> _The task_: Set out word for word the line that contains "We hebben hier" and each line after it, through the end of the data below, but exclude the pictures.

> _Data under study_:
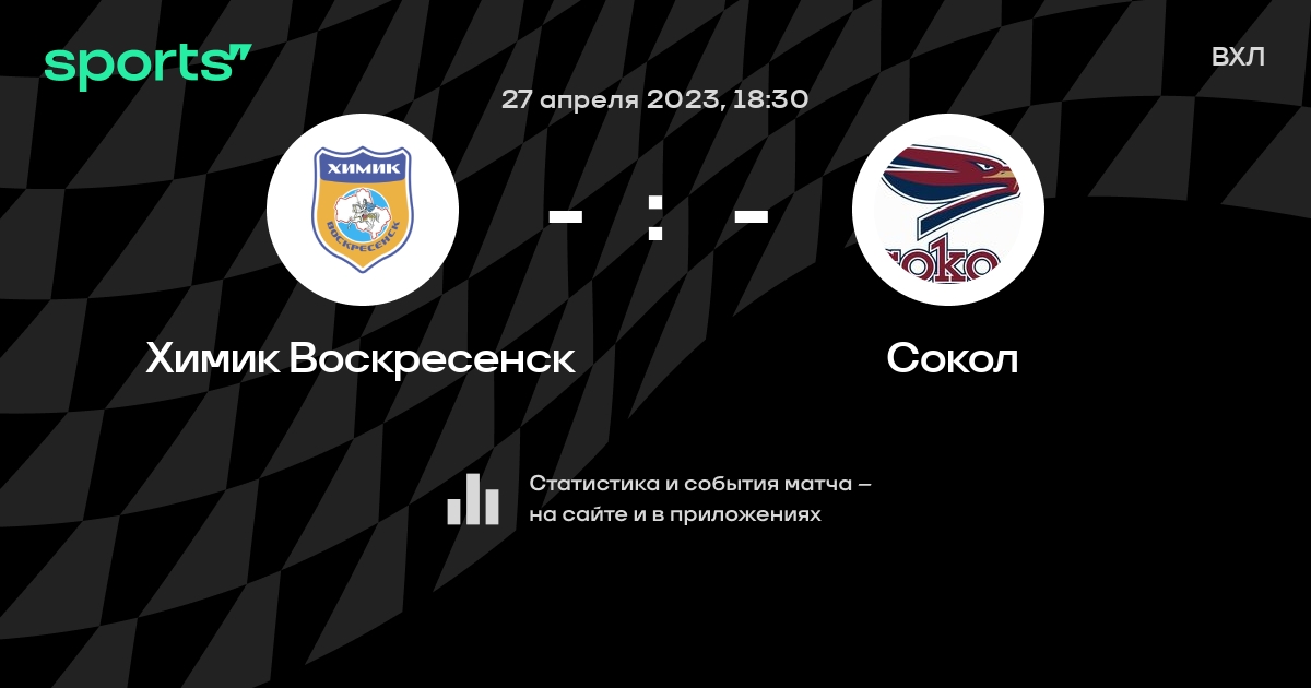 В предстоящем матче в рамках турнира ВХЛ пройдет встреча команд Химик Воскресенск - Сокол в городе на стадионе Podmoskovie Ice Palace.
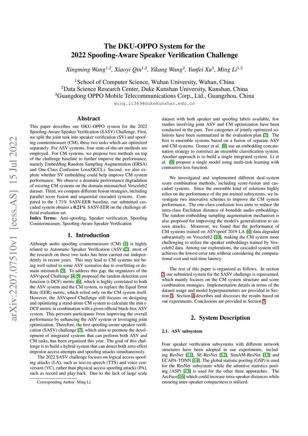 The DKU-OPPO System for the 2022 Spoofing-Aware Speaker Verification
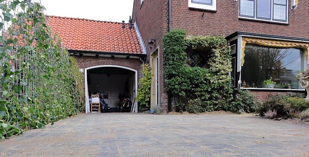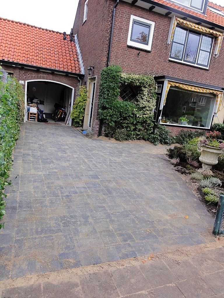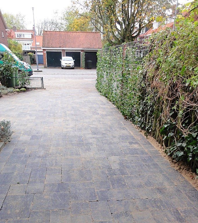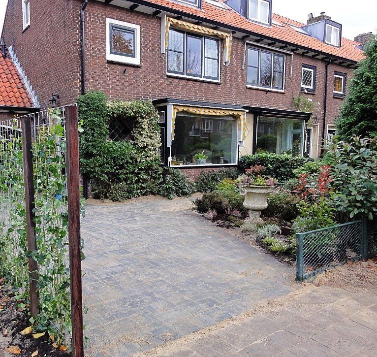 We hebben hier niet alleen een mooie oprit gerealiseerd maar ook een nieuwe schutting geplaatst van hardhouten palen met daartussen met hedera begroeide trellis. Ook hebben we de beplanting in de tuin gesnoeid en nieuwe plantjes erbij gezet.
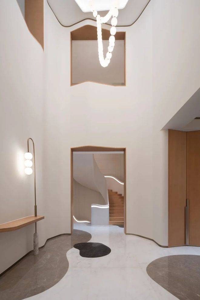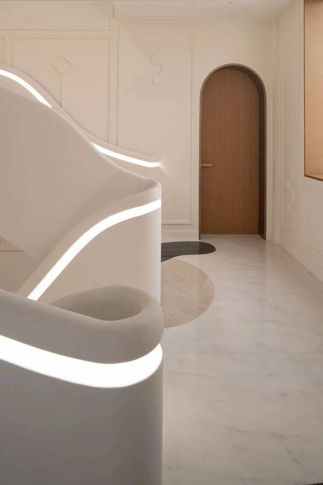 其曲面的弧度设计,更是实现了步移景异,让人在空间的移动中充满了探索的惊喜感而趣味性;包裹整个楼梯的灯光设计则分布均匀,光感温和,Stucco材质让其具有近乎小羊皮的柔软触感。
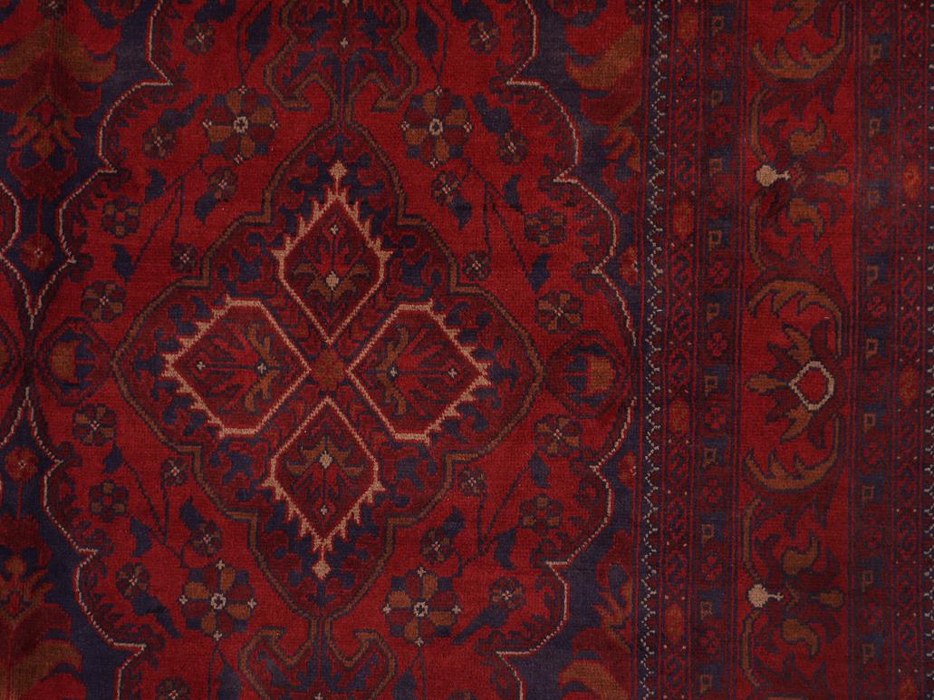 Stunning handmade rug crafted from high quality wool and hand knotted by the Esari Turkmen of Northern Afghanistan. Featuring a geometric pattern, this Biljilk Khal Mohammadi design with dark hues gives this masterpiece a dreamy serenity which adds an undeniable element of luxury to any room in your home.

> _Solution_:
 We hebben hier niet alleen een mooie oprit gerealiseerd maar ook een nieuwe schutting geplaatst van hardhouten palen met daartussen met hedera begroeide trellis. Ook hebben we de beplanting in de tuin gesnoeid en nieuwe plantjes erbij gezet.
 其曲面的弧度设计,更是实现了步移景异,让人在空间的移动中充满了探索的惊喜感而趣味性;包裹整个楼梯的灯光设计则分布均匀,光感温和,Stucco材质让其具有近乎小羊皮的柔软触感。
 Stunning handmade rug crafted from high quality wool and hand knotted by the Esari Turkmen of Northern Afghanistan. Featuring a geometric pattern, this Biljilk Khal Mohammadi design with dark hues gives this masterpiece a dreamy serenity which adds an undeniable element of luxury to any room in your home.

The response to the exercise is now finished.